Definition at line 72 of file RadialBasisFunction.cpp.
Float RadialBasisFunction::getAlpha | ( | ) | const |
Gets the current alpha value, this is used in the RBF. You can compute the RBF gamma parameter by: -1.0/(2.0*SQR(alpha)).
Definition at line 335 of file RadialBasisFunction.cpp.
Float RadialBasisFunction::getMaxAlphaSearchRange | ( | ) | const |
Gets the maxAlphaSearchRange value, this is the maximum value used to search for the best alpha value.
Definition at line 343 of file RadialBasisFunction.cpp.
Float RadialBasisFunction::getMinAlphaSearchRange | ( | ) | const |
Gets the minAlphaSearchRange value, this is the minimum value used to search for the best alpha value.
Definition at line 339 of file RadialBasisFunction.cpp.

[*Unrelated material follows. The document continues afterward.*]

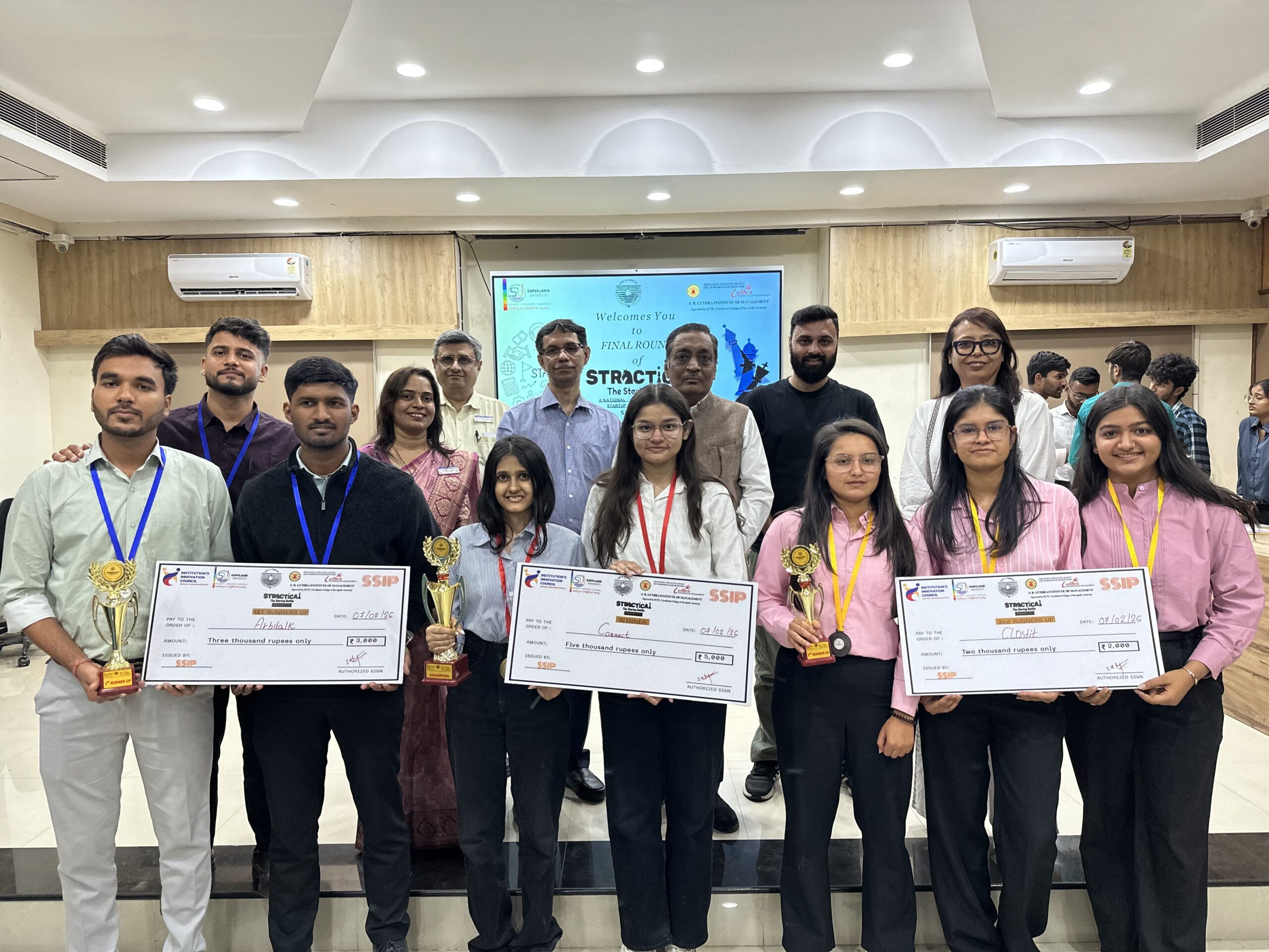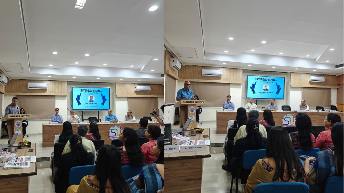 સાર્વજનિક એજ્યુકેશન સોસાયટી સંચાલિત અને સાર્વજનિક યુનિવર્સિટીની ઘટક સંસ્થા એસ. આર. લુથરા ઈન્સ્ટિટ્યૂટ ઓફ મેનેજમેન્ટ દ્વારા સતત અગિયારમી વખત રાષ્ટ્રીય કક્ષાની ઇન્ટરકોલેજ સ્ટ્રેકટીકલ-ધ સ્ટાર્ટઅપ બેટલ સ્પર્ધાનું તા. ૦૭ /૦૨ /૨૦૨૬ ના રોજ આયોજન કરવામાં આવ્યું હતું. આ સ્પર્ધાના ફાઈનલ રાઉન્ડમાં નિર્ણાયક તરીકે સરાઓગી લીગલ & IPR સર્વિસીસ ના સ્થાપક ડૉ. અનિલ સરાઓગી હાજર રહ્યા હતા.

UINT RadialBasisFunction::getNumSteps | ( | ) | const |
This function gets the number of steps parameter which sets how many steps are used to search for the best RBF alpha values.
Definition at line 327 of file RadialBasisFunction.cpp.
Float RadialBasisFunction::getPositiveClassificationThreshold | ( | ) | const |
This function gets the positiveClassificationThreshold, if the output of the RBF function is greater than or equal to the positiveClassificationThreshold then the input sample will be classified as a positive sample, otherwise it will be classified as a negative sample.
Definition at line 331 of file RadialBasisFunction.cpp.
VectorFloat RadialBasisFunction::getRBFCentre | ( | ) | const |
Gets the RBF center.
Definition at line 323 of file RadialBasisFunction.cpp.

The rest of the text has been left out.